Word for word, restate the records from their first line through the line with "3月イベントカレンダーのご案内", both ends included; omit each picture.

Data extract Block Start

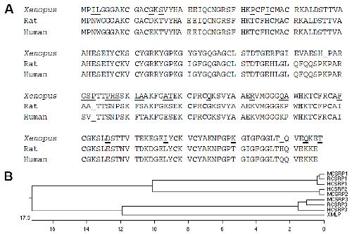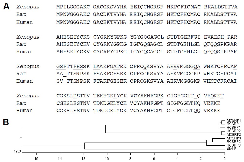 Fig. 1.Sequence analysis of Xenopus MLP. (A) A comparison of the Xenopus, rat, and human MLP amino acid sequences (GenBank accession numbers AAF78241, X81193 and AAA92571 respectively). Differences in the Xenopus MLP sequence, when compared to the mammalian sequences, are underlined. The cysteine/histidine residues that form the two zinc fingers are in bold and are conserved across all three sequences. (B) A dendrogram showing the relationship of XMLP to other members of the CRP family showing that the Xenopus sequence clusters with other vertebrate CRP3 sequences rather than CRP1 or CRP2.
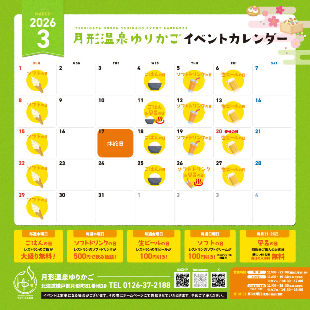 3月イベントカレンダーのご案内
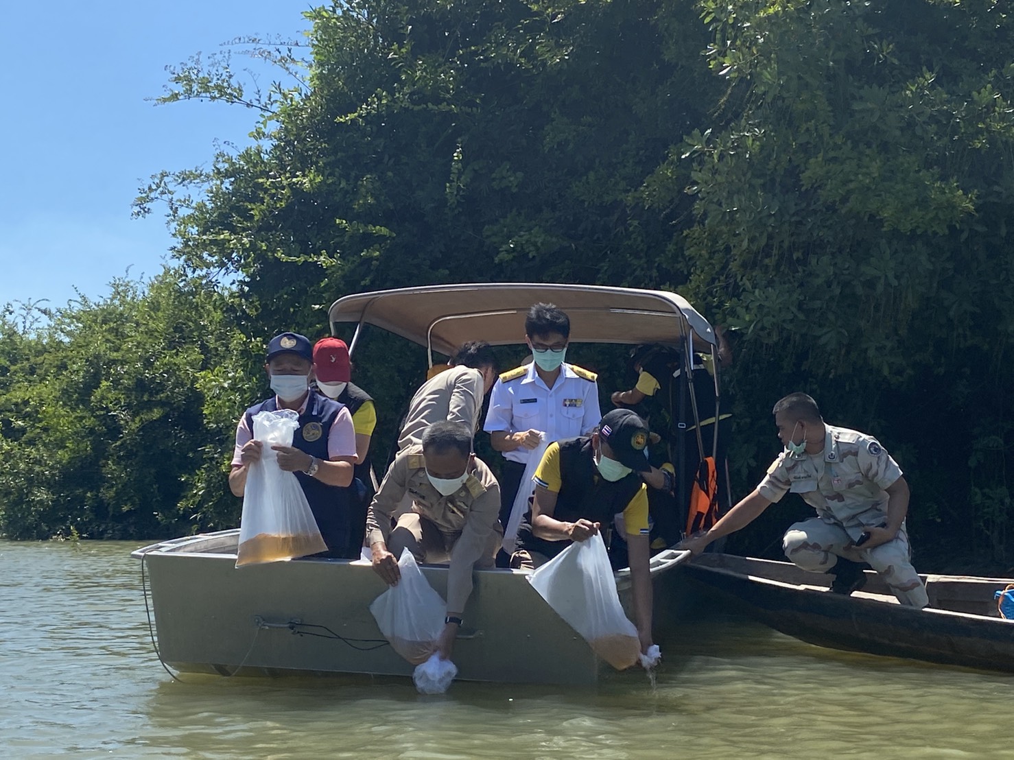 วันที่ 31 พฤษภาคม 2564  เวลา 10.00 น. นายศุภกิตติ์ ใสกระจ่าง ประมงจังหวัดอุบลราชธานี พร้อมด้วย ดร.ธีระชัย พงศ์จรรยากุล ผู้อำนวยการศูนย์วิจัยและพัฒนาประมงน้ำจืดอุบลราชธานี และนายวิทยา โกษาผล ประมงอำเภอเขื่องใน โดยได้รับความอนุเคราะห์จากองค์การบริหารส่วนตำบลกุดลาด กำนันตำบลกุดลาด ผู้ใหญ่บ้าน ชาวประมง และประชาชนในพื้นที่ ในการจัดเตรียมสถานที่ และเรือ เพื่ออำนวยความสะดวกในกิจกรรมการปล่อยพันธุ์กุ้งก้ามกราม จำนวน 200 ถุง ปล่อย ณ บริเวณบุ่งสระพัง บ้านปากน้ำ หมู่ที่ 3 ตำบลกุดลาด อำเภอเมืองอุบลราชธานี จังหวัดอุบลราชธานี และมอบให้กำนันตำบลหนองบ่อ นำไปปล่อยบริเวณเขตอนุรักษ์วังหว้า ม.2 บ้านหนองบ่อ ต.หนองบ่อ อ.เมือง จ.อุบลราชธานี จำนวน 50 ถุง ทั้งนี้ได้รับเกียรติจากนายนคร ศิริปริญญานันท์ นายอำเภอเมืองอุบลราชธานี มอบพันธุ์กุ้งก้ามกรามในครั้งนี้ และร่วมให้สัมภาษณ์สำนักงานประชาสัมพันธ์จังหวัดอุบลราชธานีและสำนักข่าวช่อง VR CABLE TV เรื่องกำหนดพื้นที่และระยะเวลาฤดูสัตว์น้ำจืดมีไข่ หรือวางไข่ เลี้ยงตัวอ่อนและกำหนดเครื่องมือ วิธีการทำการประมง และเงื่อนไขในการทำการประมง พ.ศ. 2564
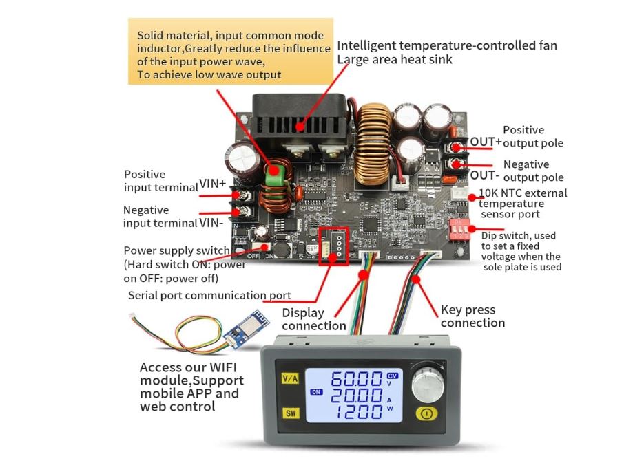 Mạch Giảm Áp Buck DC-DC XY6020L 1200W 20A có màn hình điều khiển có nguồn điện ổn định điện áp và dòng điện không đổi. Màn hình hiển thị lớn, LCD điện chuyên dụng. Sử dụng chất liệu cao cấp, bền bỉ,hiệu suất ổn định,vật liệu rắn, cuộn cảm chế độ chung đầu vào, làm giảm đáng kể tác động của số sóng cung cấp điện đầu vào, để đạt được đầu ra số sóng thấp.
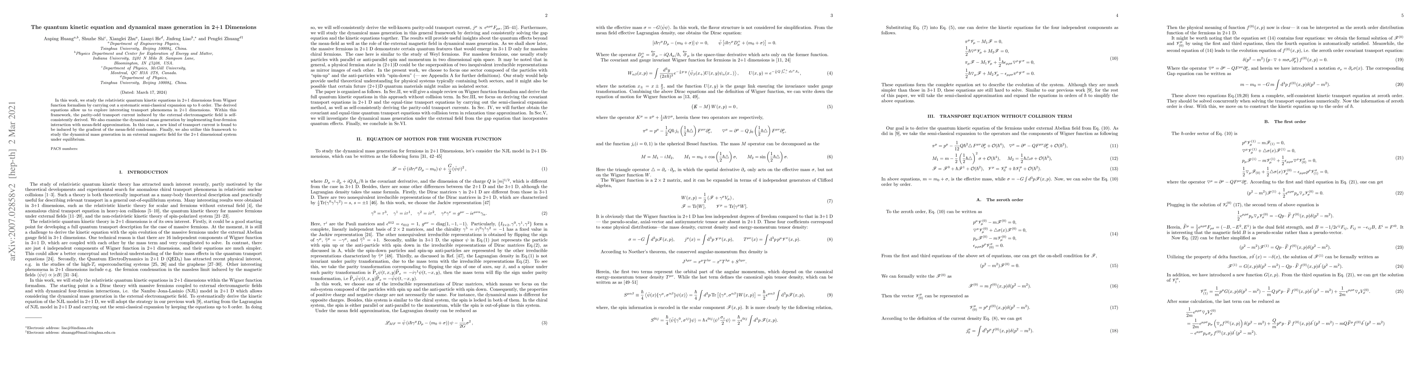 The research derives relativistic quantum kinetic equations for massive fermions with NJL interactions in 2+1D from the Wigner function formalism, using a semi-classical expansion up to $\hbar$ order.

Data extract Block End

## Solution for this exercise
 Fig. 1.Sequence analysis of Xenopus MLP. (A) A comparison of the Xenopus, rat, and human MLP amino acid sequences (GenBank accession numbers AAF78241, X81193 and AAA92571 respectively). Differences in the Xenopus MLP sequence, when compared to the mammalian sequences, are underlined. The cysteine/histidine residues that form the two zinc fingers are in bold and are conserved across all three sequences. (B) A dendrogram showing the relationship of XMLP to other members of the CRP family showing that the Xenopus sequence clusters with other vertebrate CRP3 sequences rather than CRP1 or CRP2.
 3月イベントカレンダーのご案内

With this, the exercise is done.